Alejandro C. Manjarrez

Alerta callejera

Capítulo 10

La Virgen Morena parecía mirar con compasión a sus hijos más fieles, como si los estuviera escuchando. Perico, líder del grupo, había convocado a la reunión para intercambiar informes sobre sus compañeros muertos a causa de las “bombas celulares” que los habían mutilado. El número de víctimas, que ya ascendía a 23,  propició que los integrantes de las bandas decidieran suspender su actividad. “Tenemos que cambiar de giro”, fue lo primero que se les ocurrió, propuesta que Perico soslayó para no tener que discutirla: “Antes de tomar decisiones –les dijo– hay que analizar los hechos”. Como había ocurrido en otras ocasiones, el acuerdo fue unánime y de inmediato el grupo se puso de acuerdo para trabajar apegándose a  la recomendación del influyente y poderoso dirigente moral. Después éste agregó:

–Hemos sufrido muchas bajas y nuestra familia está muy preocupada porque todavía seguimos sin conocer el nombre de la persona que dirige esta campaña. Veintitrés de nuestros carnales murieron segundos después de robarse los teléfonos. Sucedió frente a nuestras narices y nadie sabe qué carajos es lo que pasa. Podría apostar que se trata de un plan de la policía ya que resulta absurdo que nadie tenga pistas y muy extraño que ninguno de los jefes policíacos muestre interés por encontrar a los causantes.

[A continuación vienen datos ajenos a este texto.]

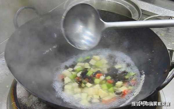 搅匀化开以后,放入笋丁,芹菜,木耳和青红椒继续翻炒,让食材充分吸收汤汁,再倒入鸡丁翻炒。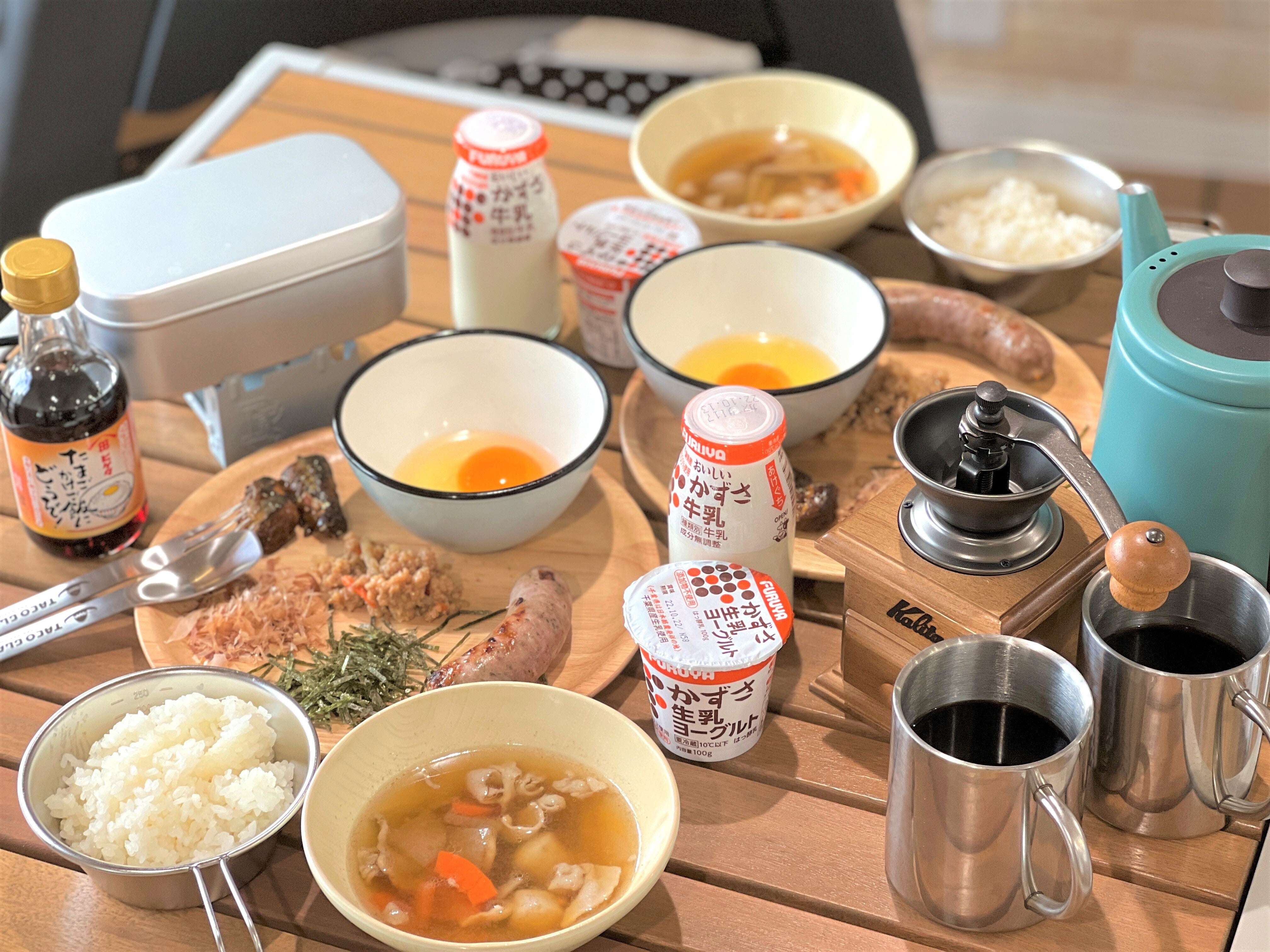 卵かけご飯、鶏そぼろ、ごはんのお供3種、元気豚フランクフルト、豚汁、かずさ牛乳、かずさヨーグルト、コーヒーセット、各種調味料など

–Jefe –interrumpió el encargado del sector donde habían ocurrido el mayor número de muertes–, lo que queremos es vengarnos. Estamos indignados, encabronados. Te propongo que mañana salgamos no a robar sino a echarnos unos cuantos cristianos y quien quite que hasta nos llevemos al mero mero. Son muertes que no pueden quedarse así, mi Perico. Debemos vengarlas…

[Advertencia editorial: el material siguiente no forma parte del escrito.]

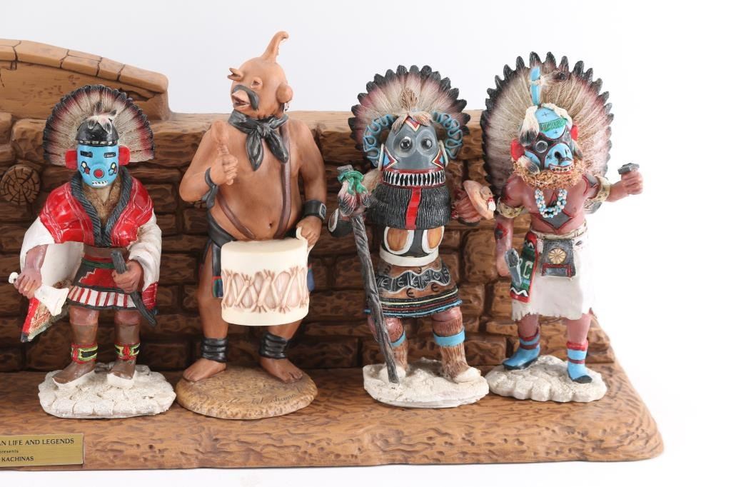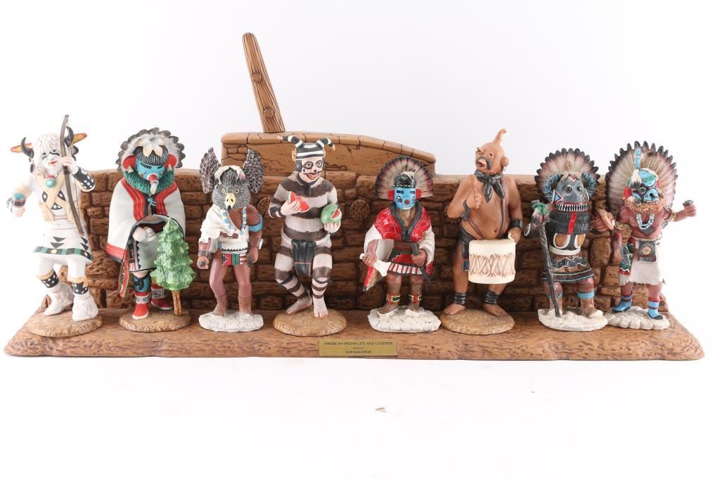 Features 8 figures. Porcelain limited edition and #. The Morning Kachina, The Mudhead, The Clown, The White Buffalo, 4 others which are resin, not porcelain.***Buyer must arrange shipping***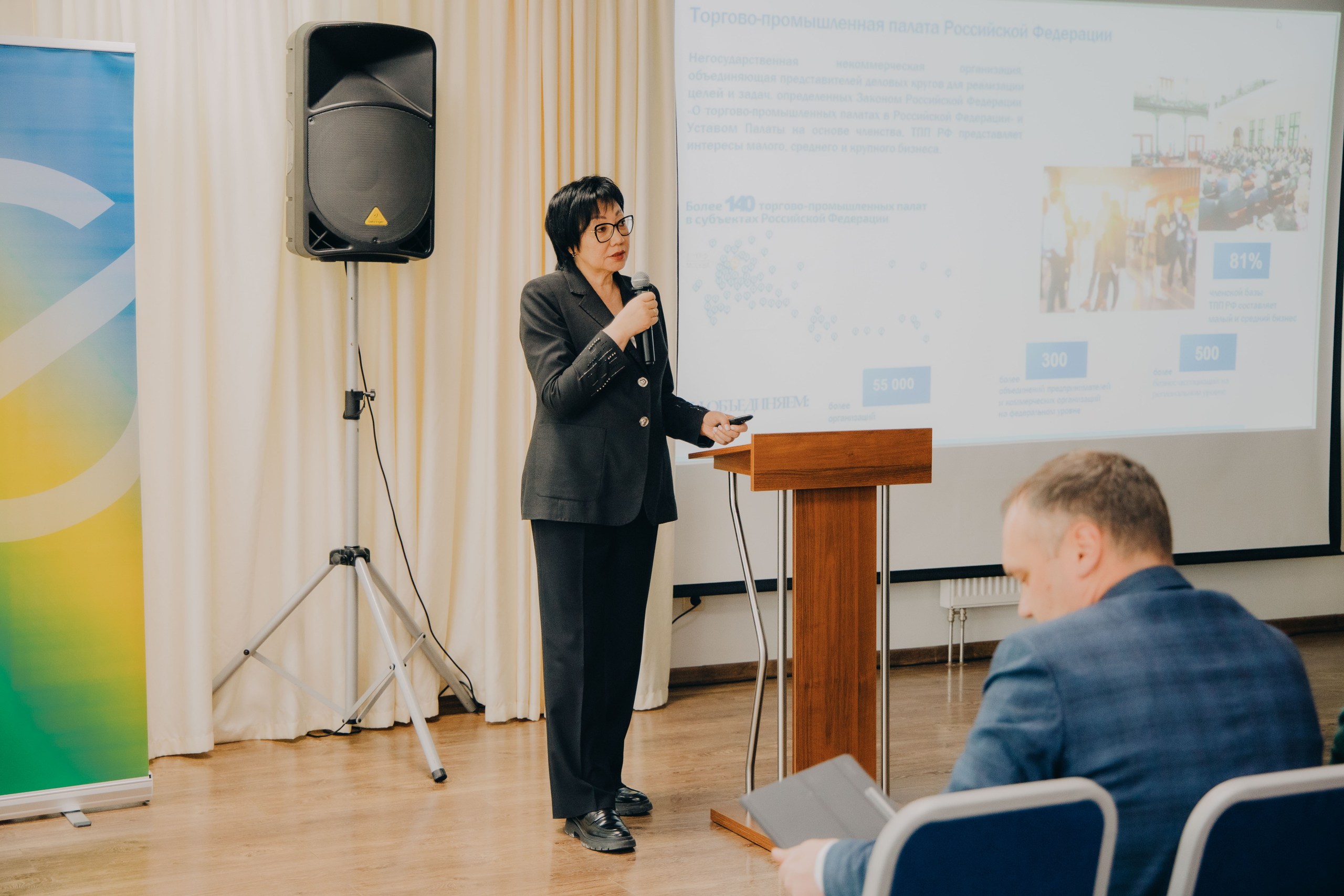 Далее слово взяла Галина Дзюба, рассказав подробно о работе Торгово-промышленной палаты Сахалинской области, которая сегодня включает уже свыше 160 организаций и более 11 деловых объединений.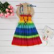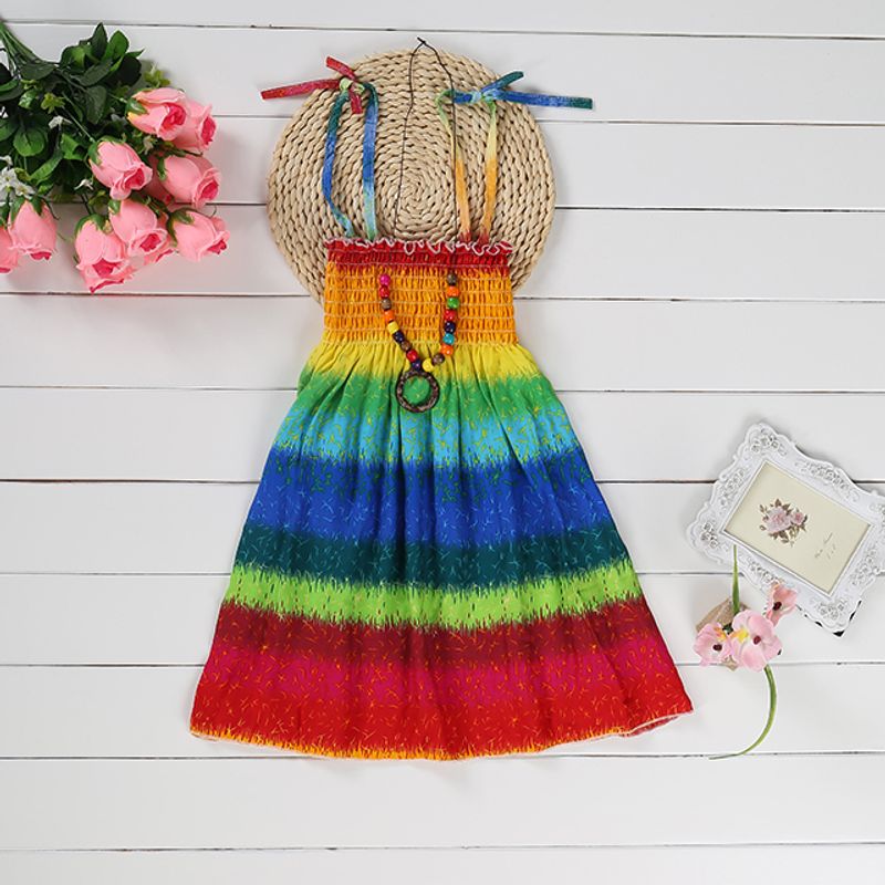 Summer Girls Floral Dress Sling Ruffles Bohemian Beach Princess Dresses for Girl Clothing 2 6 8 12 Years With Necklace Gift

–Yo también tengo ganas de cobrármelas, compadrito –contestó Perico–, pero si le entramos a la venganza al rato nos va a perseguir la policía. Y entonces ya no vamos a ver lo duro sino lo tupido. Además eso es lo que quieren para cerrar la investigación y después culparnos de todo, hasta de las mugrosas bombas teléfono. Lo mejor es hacernos pendejos un rato y observar cada movimiento. Si acaso, a partir de mañana, nuestra gente tendrá que simular que roba el teléfono y la cartera de los escogidos pero sólo vamos por el reloj y las carteras. O sea le pasan el celular a un compañero para que más pronto que rápido lo regrese al dueño sin que éste repare en la devolución. Si se trata de la misma trampa y en caso de que detonen la bombita, ellos mismos se van a dar en la madre. Ya veremos de qué cuero salen más correas… Es la estrategia que se me ocurre, compañeros, para que esos ojetes paguen con su vida la muerte de nuestros amigos.

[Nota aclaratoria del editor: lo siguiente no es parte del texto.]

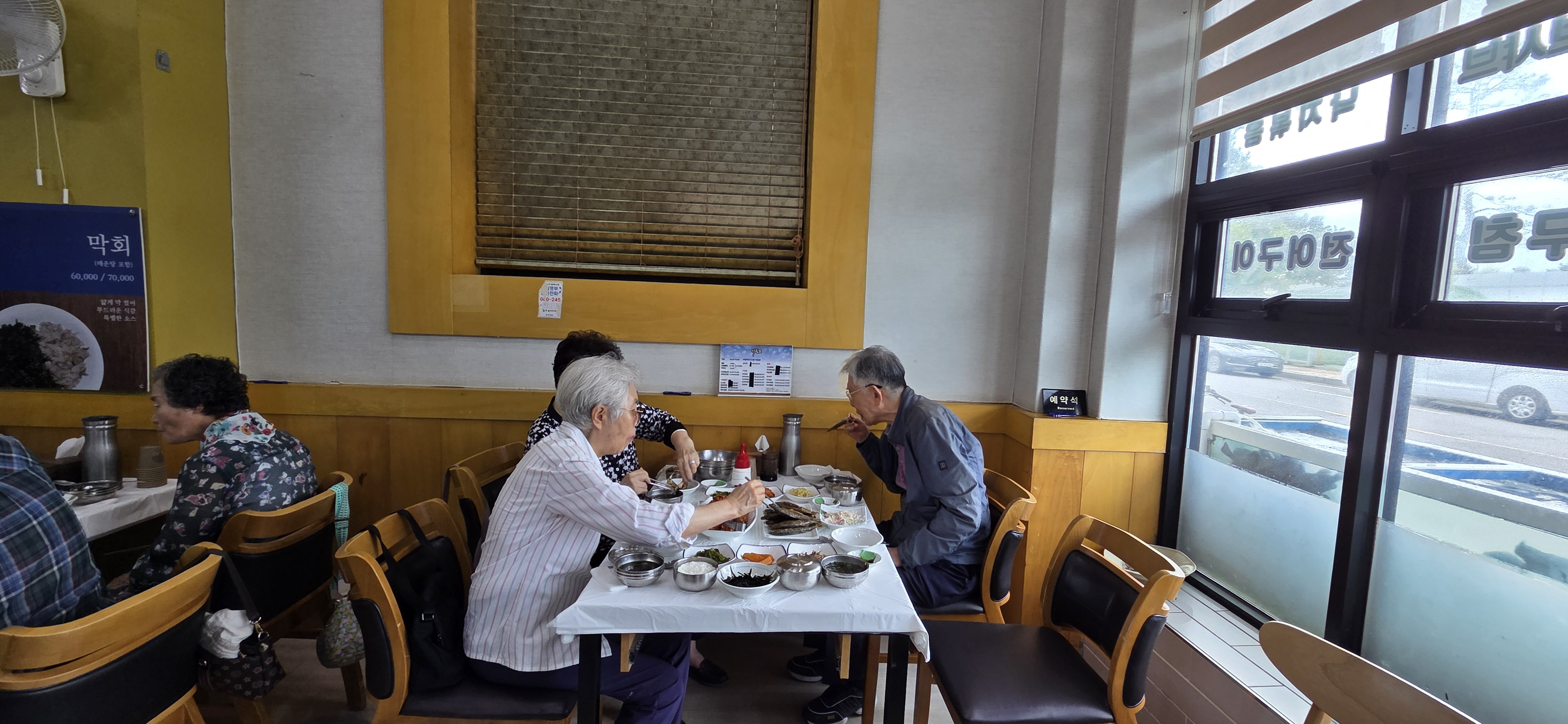"갯마을 횟집" 에서 맛있는 제철 전어구이랑 전어회무침을 맛있게 드시고, 바닷가로 산책을 나가셨습니다.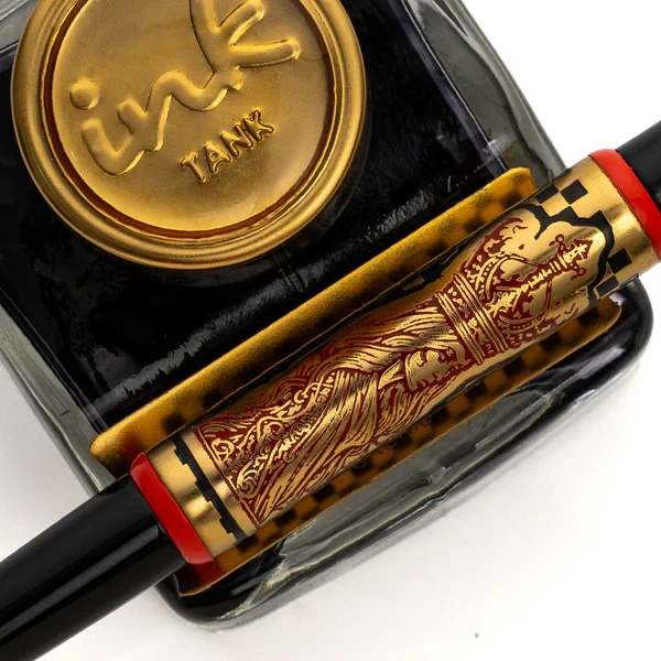 The pen body is glossy epoxy resin while the barrel is brass electro plated with a satin rose gold finish. Ideal to create a look for your desk, these holder dip pens offer smooth writing and holds enough ink to write an entire sentence. An ornate ink tank accompanies these pens, which also acts as a stand. The base has a clear acrylic top with a chess board motif and a black bottom and completes this set of chess inspired pens.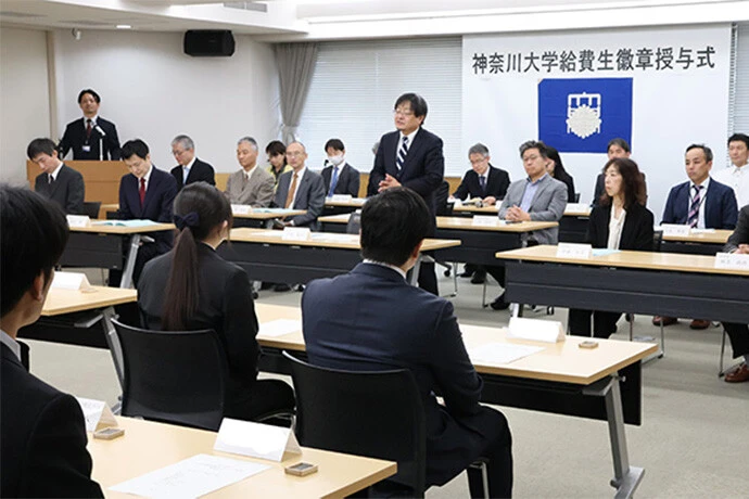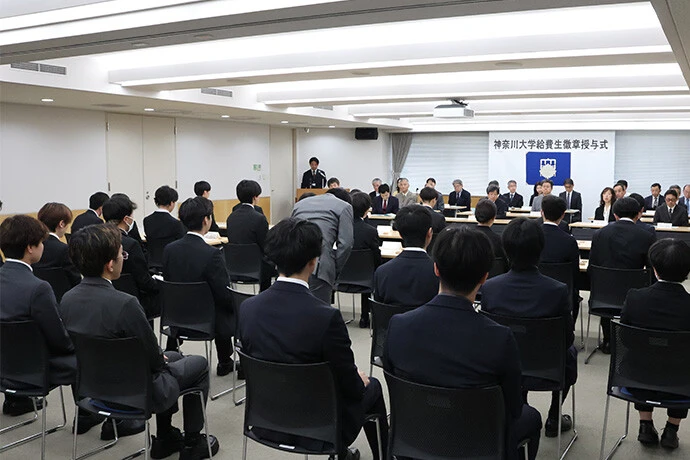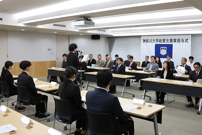 「2026年度米田吉盛教育奨学金 神奈川大学給費生徽章授与式」が4月6日(月)、横浜キャンパス1号館で開催されました。
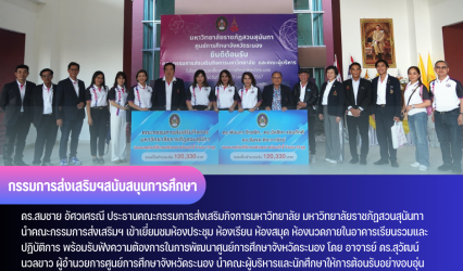 Blogกิจกรรม กรรมการส่งเสริมฯสวนสุนันทา เยี่ยมชมศูนย์การศึกษาระนองพร้อมมอบครุภัณฑ์สนับสนุนการศึกษา tui sakrapee January 30, 2024 ดร.สมชาย อัศวเศรณี ประธานคณะกรรมการส่งเสริมกิจการมหาวิทยาลัย มหาวิทยาลัยราชภัฏสวนสุนันทา ได้นำคณะกรรมการส่งเสริมฯ เข้าเยี่ยมชมห้องประชุม ห้องเรียน ห้องสมุด ห้องนวดภายในอาคารเรียนรวมและปฏิบัติการ พร้อมรับฟังความต้องการในการพัฒนาศูนย์การศึกษาจังหวัดระนอง ณ ห้องประชุม A306 ศูนย์การศึกษาจังหวัดระนอง โดย อาจารย์…

–Está muy bien, jefe; sin embargo, te propongo un cambio o un agregado a tu estrategia –le dijo el Chato, encargado del sector Lomas y uno de los más afectados con las explosiones.

–Desembucha –le ordenó Perico…

–Mira jefe: nuestros compañeros seguirán robándose los teléfonos y lo demás, pero tenemos que entrenarlos para que en la maniobra cambien el celular robado por una copia. Y sin que el tipo se dé cuenta le dejan su teléfono dentro del coche. Cuando el güey se entere es porque ya le explotó su celular y él estará entrando al infierno. Y si forma parte del complot en nuestra contra, la venganza será perfecta.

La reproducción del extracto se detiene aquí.